Entries supplied:
################
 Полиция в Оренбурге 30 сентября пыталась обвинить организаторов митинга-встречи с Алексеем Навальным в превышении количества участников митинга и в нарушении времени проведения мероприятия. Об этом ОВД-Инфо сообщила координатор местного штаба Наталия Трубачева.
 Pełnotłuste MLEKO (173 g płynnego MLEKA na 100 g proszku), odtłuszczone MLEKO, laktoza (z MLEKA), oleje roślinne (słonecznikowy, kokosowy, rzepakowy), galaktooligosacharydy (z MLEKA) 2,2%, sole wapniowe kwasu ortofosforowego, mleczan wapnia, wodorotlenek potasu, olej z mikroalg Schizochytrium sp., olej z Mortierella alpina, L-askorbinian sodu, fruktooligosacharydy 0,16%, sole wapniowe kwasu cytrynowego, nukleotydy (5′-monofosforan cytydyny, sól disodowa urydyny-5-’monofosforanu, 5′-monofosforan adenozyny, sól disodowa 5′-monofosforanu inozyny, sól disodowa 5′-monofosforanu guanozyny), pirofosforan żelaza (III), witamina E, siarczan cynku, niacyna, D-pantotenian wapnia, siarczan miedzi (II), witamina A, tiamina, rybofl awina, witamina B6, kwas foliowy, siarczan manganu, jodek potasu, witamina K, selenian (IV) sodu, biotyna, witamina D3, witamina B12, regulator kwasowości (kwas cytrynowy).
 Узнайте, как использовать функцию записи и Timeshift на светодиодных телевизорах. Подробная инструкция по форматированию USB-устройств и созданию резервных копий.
################
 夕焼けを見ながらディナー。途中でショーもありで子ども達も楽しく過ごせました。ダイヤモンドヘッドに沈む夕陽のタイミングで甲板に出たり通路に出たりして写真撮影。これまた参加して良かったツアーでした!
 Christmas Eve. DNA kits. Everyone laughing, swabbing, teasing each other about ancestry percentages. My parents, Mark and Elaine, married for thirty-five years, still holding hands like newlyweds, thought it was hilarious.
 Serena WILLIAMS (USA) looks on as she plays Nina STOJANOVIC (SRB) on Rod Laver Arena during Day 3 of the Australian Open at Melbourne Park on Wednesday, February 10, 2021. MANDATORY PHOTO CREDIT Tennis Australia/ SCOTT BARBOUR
################
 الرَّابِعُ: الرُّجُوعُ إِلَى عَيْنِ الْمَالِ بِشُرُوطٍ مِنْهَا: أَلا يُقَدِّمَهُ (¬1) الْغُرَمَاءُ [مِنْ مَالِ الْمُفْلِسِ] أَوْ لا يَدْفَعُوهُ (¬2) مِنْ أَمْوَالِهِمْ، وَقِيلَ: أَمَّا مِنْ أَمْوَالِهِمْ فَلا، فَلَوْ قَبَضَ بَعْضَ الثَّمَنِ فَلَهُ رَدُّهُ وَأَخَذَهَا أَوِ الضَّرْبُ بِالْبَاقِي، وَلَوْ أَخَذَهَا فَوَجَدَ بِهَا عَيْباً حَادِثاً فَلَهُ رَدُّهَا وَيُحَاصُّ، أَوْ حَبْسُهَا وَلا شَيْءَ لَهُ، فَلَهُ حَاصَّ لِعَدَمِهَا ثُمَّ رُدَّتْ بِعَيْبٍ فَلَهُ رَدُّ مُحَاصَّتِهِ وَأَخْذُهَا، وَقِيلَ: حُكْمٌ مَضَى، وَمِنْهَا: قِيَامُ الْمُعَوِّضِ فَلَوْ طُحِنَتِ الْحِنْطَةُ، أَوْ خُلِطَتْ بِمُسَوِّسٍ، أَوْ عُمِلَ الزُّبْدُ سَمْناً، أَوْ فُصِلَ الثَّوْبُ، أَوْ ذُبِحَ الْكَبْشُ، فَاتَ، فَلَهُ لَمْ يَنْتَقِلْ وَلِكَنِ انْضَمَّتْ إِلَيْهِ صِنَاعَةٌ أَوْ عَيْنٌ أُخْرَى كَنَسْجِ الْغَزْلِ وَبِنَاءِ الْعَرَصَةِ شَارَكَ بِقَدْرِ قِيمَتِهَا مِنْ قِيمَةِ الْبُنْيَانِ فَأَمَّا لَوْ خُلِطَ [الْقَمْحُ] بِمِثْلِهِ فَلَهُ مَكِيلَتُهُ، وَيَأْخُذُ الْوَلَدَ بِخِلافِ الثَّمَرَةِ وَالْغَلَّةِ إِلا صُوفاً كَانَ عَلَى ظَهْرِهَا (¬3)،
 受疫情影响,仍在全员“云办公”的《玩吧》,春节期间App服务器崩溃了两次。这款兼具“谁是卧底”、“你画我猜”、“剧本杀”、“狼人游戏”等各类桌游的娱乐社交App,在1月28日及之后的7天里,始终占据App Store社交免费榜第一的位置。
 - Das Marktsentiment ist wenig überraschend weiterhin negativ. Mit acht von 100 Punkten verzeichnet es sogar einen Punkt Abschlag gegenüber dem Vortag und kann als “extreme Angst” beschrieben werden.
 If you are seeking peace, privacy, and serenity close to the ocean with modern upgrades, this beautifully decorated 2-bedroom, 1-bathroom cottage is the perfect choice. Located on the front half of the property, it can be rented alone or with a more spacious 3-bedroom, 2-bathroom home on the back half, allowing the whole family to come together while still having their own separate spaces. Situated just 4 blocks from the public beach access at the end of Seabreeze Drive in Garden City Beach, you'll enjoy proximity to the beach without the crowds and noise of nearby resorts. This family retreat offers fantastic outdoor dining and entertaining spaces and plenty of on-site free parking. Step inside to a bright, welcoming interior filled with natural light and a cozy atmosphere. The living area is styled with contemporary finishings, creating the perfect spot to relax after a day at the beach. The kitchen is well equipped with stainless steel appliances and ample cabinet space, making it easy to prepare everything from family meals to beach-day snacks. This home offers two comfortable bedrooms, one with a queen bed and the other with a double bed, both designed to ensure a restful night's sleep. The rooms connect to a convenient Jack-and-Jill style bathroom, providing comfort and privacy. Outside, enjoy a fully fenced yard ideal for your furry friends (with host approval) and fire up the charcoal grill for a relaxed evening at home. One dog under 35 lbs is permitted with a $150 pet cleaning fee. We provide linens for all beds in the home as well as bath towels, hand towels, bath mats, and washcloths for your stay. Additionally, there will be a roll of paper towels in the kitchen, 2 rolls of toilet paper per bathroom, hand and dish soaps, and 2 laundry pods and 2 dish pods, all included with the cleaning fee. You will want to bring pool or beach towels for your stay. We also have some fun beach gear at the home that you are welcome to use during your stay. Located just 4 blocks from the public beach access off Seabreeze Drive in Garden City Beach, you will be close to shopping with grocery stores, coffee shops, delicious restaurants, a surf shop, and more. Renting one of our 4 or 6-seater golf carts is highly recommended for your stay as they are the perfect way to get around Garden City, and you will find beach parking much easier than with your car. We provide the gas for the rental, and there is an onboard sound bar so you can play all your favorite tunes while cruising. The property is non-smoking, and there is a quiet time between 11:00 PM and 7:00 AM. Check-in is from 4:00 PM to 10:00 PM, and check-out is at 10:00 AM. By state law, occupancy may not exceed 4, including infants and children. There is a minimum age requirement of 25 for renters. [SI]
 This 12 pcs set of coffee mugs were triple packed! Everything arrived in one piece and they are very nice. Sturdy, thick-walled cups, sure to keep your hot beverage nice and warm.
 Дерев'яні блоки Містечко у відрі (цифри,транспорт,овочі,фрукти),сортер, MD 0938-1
################
Exercise goal: Using the entries above, give back exactly the line containing "This 12 pcs", the line containing "Дерев'яні блоки Містечко", and every line between them, and nothing else.

Completed task:
 This 12 pcs set of coffee mugs were triple packed! Everything arrived in one piece and they are very nice. Sturdy, thick-walled cups, sure to keep your hot beverage nice and warm.
 Дерев'яні блоки Містечко у відрі (цифри,транспорт,овочі,фрукти),сортер, MD 0938-1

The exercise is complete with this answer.